## Task objective
Your job is to give again, exactly and with no additions, the lines in the records below from the one with "as an intriguing" through the one with "Tuote on säilynyt", both included. Omit the pictures.

Record excerpts START

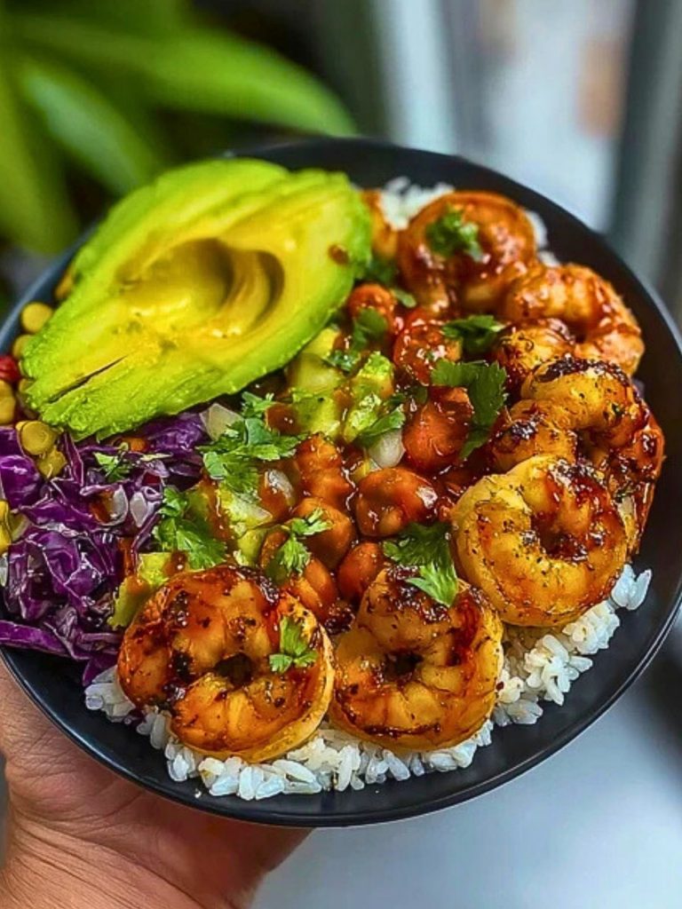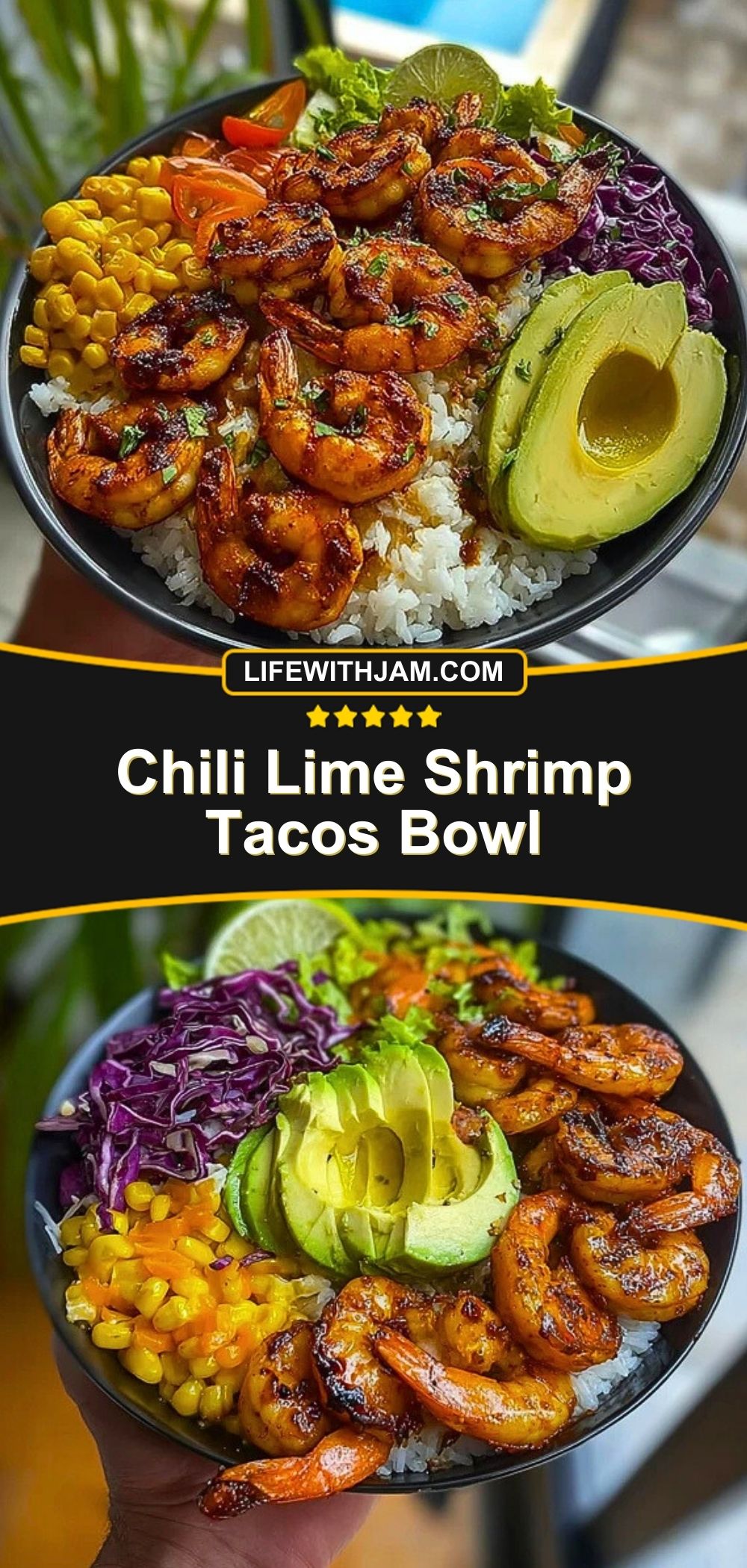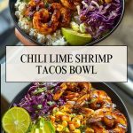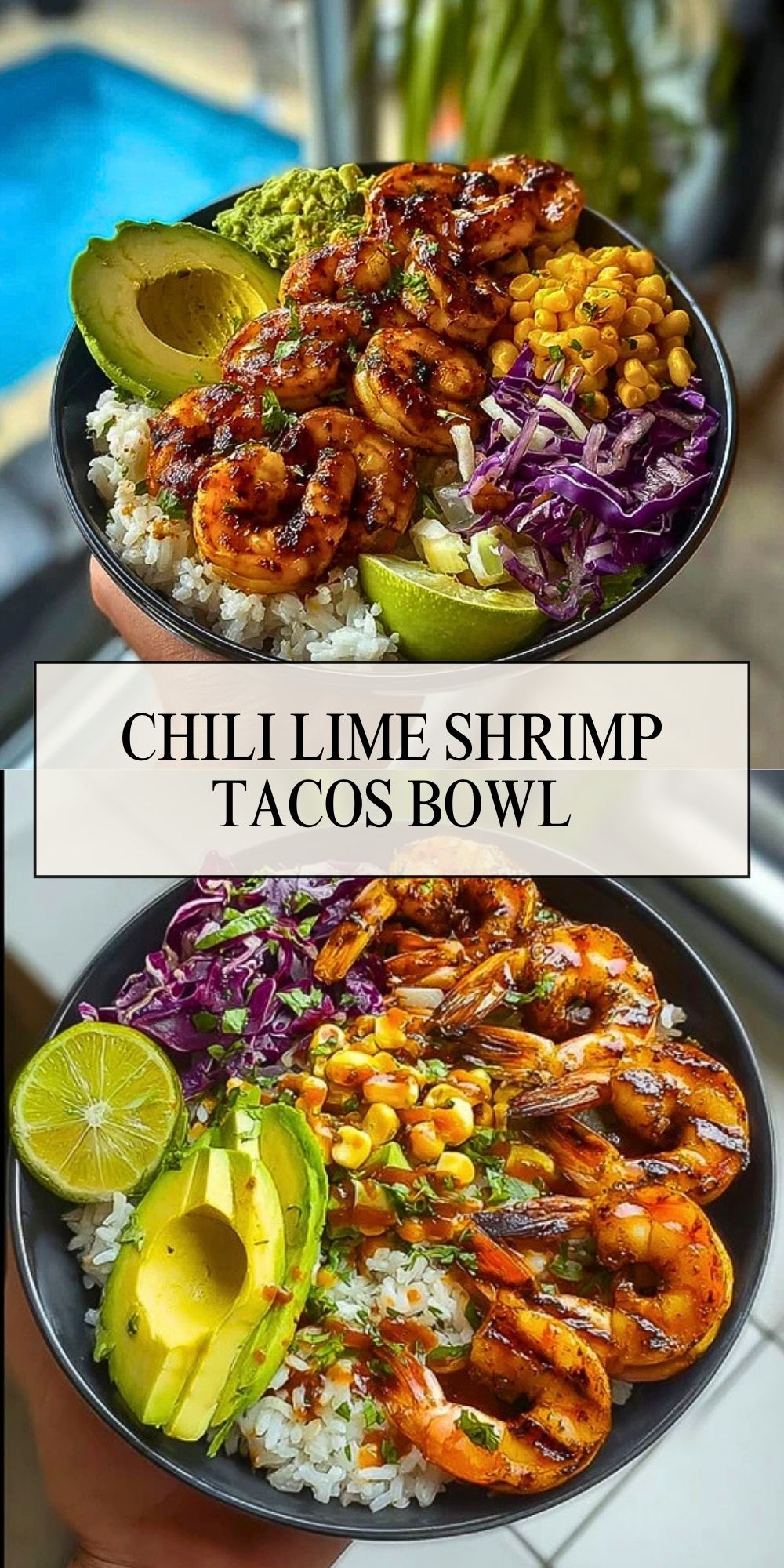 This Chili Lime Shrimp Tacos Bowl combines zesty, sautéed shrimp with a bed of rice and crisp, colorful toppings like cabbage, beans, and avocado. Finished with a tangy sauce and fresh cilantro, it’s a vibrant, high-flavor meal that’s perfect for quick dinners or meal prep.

Record excerpts END
Record excerpts START

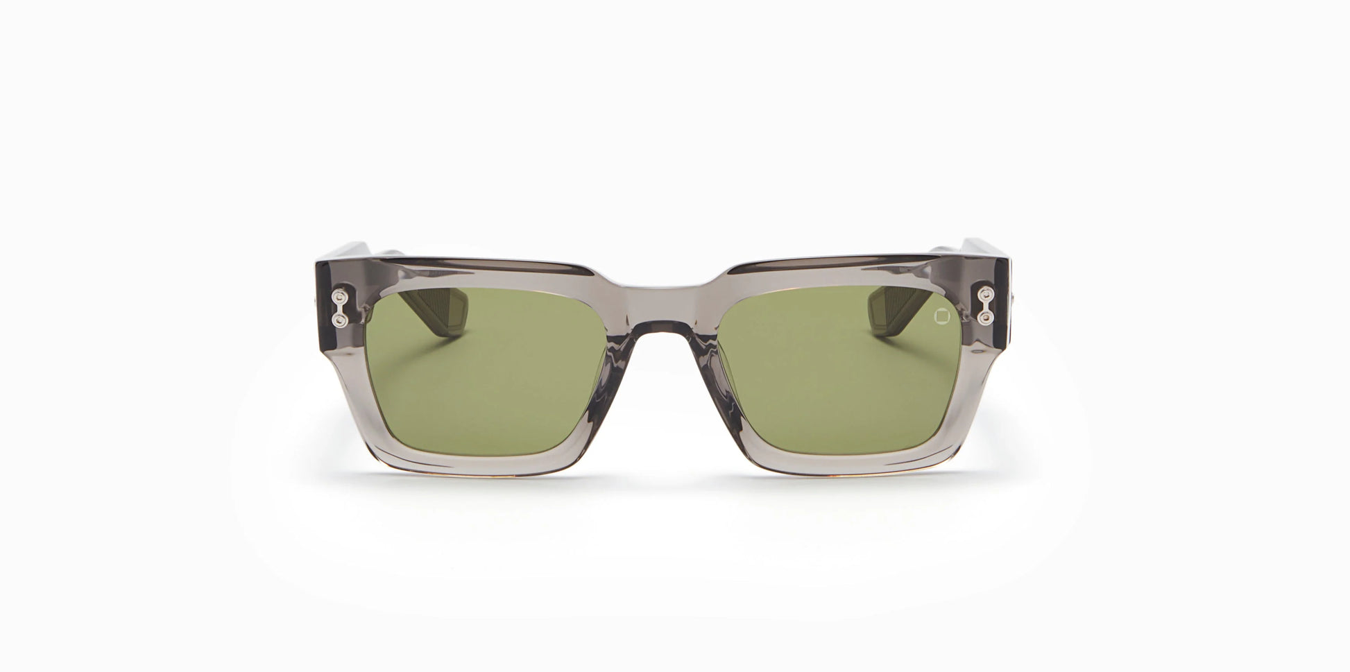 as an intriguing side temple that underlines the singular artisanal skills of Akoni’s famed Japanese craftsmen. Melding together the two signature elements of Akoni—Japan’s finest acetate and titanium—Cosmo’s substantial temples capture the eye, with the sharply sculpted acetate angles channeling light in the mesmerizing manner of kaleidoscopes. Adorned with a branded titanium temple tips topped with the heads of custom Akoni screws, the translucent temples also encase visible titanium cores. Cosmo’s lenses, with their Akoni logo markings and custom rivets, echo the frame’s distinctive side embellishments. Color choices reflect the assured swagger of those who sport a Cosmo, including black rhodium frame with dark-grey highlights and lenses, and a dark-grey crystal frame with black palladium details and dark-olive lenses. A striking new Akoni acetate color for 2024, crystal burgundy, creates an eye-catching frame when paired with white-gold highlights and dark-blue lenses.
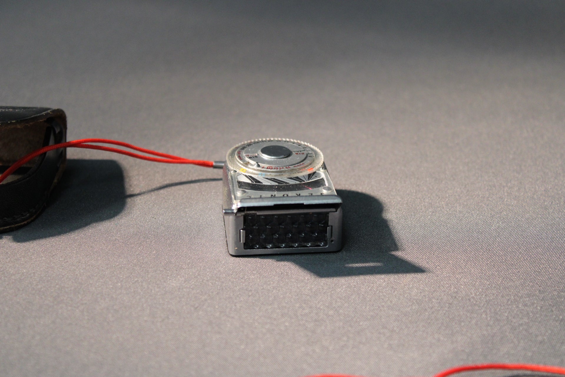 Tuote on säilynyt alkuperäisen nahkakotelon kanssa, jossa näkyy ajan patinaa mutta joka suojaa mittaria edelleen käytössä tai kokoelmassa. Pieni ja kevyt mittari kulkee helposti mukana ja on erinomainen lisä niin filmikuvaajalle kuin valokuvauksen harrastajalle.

Record excerpts END

## Solution for this exercise
 as an intriguing side temple that underlines the singular artisanal skills of Akoni’s famed Japanese craftsmen. Melding together the two signature elements of Akoni—Japan’s finest acetate and titanium—Cosmo’s substantial temples capture the eye, with the sharply sculpted acetate angles channeling light in the mesmerizing manner of kaleidoscopes. Adorned with a branded titanium temple tips topped with the heads of custom Akoni screws, the translucent temples also encase visible titanium cores. Cosmo’s lenses, with their Akoni logo markings and custom rivets, echo the frame’s distinctive side embellishments. Color choices reflect the assured swagger of those who sport a Cosmo, including black rhodium frame with dark-grey highlights and lenses, and a dark-grey crystal frame with black palladium details and dark-olive lenses. A striking new Akoni acetate color for 2024, crystal burgundy, creates an eye-catching frame when paired with white-gold highlights and dark-blue lenses.
 Tuote on säilynyt alkuperäisen nahkakotelon kanssa, jossa näkyy ajan patinaa mutta joka suojaa mittaria edelleen käytössä tai kokoelmassa. Pieni ja kevyt mittari kulkee helposti mukana ja on erinomainen lisä niin filmikuvaajalle kuin valokuvauksen harrastajalle.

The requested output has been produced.